If so, unconquered Attica and unconquered mountainous Arcadia must have spoken, in early times, "a barbarous language," and exchanged it for the Hellenic, though with the Hellenes they were, according to themselves, but slightly in contact. When we consider the pertinacity of parts of Wales, Ireland, and the western Highlands in clinging to Cymric and Gaelic, this theory of Herodotus seems highly improbable.

Mr. Ridgeway, on the other hand, holding that the Achaeans were "a Celtic tribe" who passed from Epirus into Thessaly, concludes that their language was what the Hellenes of history would have called "barbarous"; that they adopted the speech, Greek, of the Pelasgians among whom they settled, and that the Homeric poems descend from the lays of Pelasgian minstrels, who sang in Greek of the exploits of Achaeans who were Celtic, but became merged in a Greek-speaking Pelasgic population (Early Age of Greece, vol. i. p. 648). If so, the minstrels had entirely absorbed the non-Pelasgian customs and ideas, absence of ghosts, and hero-worship, of pollution, and ritual purification, and human sacrifice, and the professed Olympian religion of their Achaean lords.

To the objection that, if Homer's poetic Pelasgian predecessors had the good Greek, no Pelasgians known to Herodotus spoke it, Mr. Ridgeway can reply that "the Greeks considered Phrygians and Thracians to be barbarous, though both spoke languages akin to Greek; so that, although Herodotus thought the languages of Scylace and Placia" (and of all cities which were, in fact, Pelasgian) "barbarous, this does not prove that it was not closely cognate to Greek" (Early Age of Greece, vol. i. p. 146).

Yes, but why had the language of the Pelasgian minstrels of the Achaean lords, which was excellent Greek, become in the time of Herodotus the language which, to him, was barbarous? I understand Mr. Ridgeway to answer this question by saying that "there is no difficulty in supposing that certain Pelasgians long settled in Etruria, whither they had come from Thessaly, may have again emigrated" (out of Etruria) "from some external or internal cause, and settled in various spots around the Aegean, some of them going to Athens, and later to Lemnos." See Herodotus, ii. 50, 51, for Pelasgians who, when the Athenians "were just beginning to count as Hellenes," settled for a while in Attica. For this fact Herodotus cites Hecataeus. These new-come Pelasgians were unruly, and were banished to Lemnos (Hdt. vi. 137). They later came back to raid Brauron in Attica (Hdt. vi. 138). Let these much-wandering Pelasgians return to Thrace, or, at least, let the Pelasgians whom Herodotus knew in Thrace (and all Pelasgians wherever he knew them) have strolled from Thessaly to Etruria in Italy, and back again to the Aegean, and north to Thrace, and it is certain that their original language, Greek (like jour as derived from dies), must have been diablement changé en route, and quite unrecognisable as Greek by Herodotus (see Ridgeway, vol. i. pp. 144-146, and p. 244; also "Who were the Romans?" Proceedings of the British Academy, vol. iii.).

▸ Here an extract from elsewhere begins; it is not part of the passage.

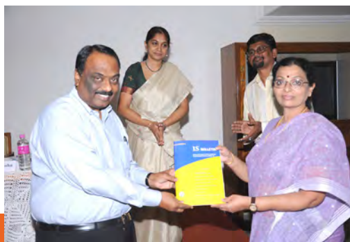
Regional Workshop for Young Researchers

The Department and the Institute of Development Research and Corporate Ethics organised a one-day workshop for young researchers on 'Globalisation and the Emerging World Order' on 18 September 2009.

On the whole Pelasgian question, the most valuable analysis of the evidence, such as it is, appears to me to be that of Mr. Myres in the Journal of the Hellenic Society, vol. xxvii.

My only conclusion is that, whoever the Achaeans may have been, and whatever their language, and whoever the pre-existing population may have been, and whatever their language, the Achaeans imported a new, lofty, and brief-lived set of ideas, customs, a new tone and taste. At the same time, Mr. Ridgeway's arguments in favour of his theory that the pre-Achaean population of Greece spoke Greek, have my assent for what it is worth, though I do not think that the evidence for the hypothesis of Dionysius of Halicarnassus that Thessalian Pelasgians went to Etruria, and that their descendants came back to the Aegean, has valid historical evidence.


[1] Pausanias, vii. i. 11.

[2] "Athenians and Achaean traditions."

[3] Hdt. v. 57, 58, 61. The Cadmeians, till very recently, were regarded as Phoenicians, Semites. Now the name "Phoenicians" ("red men") is understood to mean men of the old Aegean race, and no traces of Semitic import have been discovered in the soil of Boeotia. Thebes itself was "Minoan," not Semitic. Evans, Scripta Minoa, vol. i.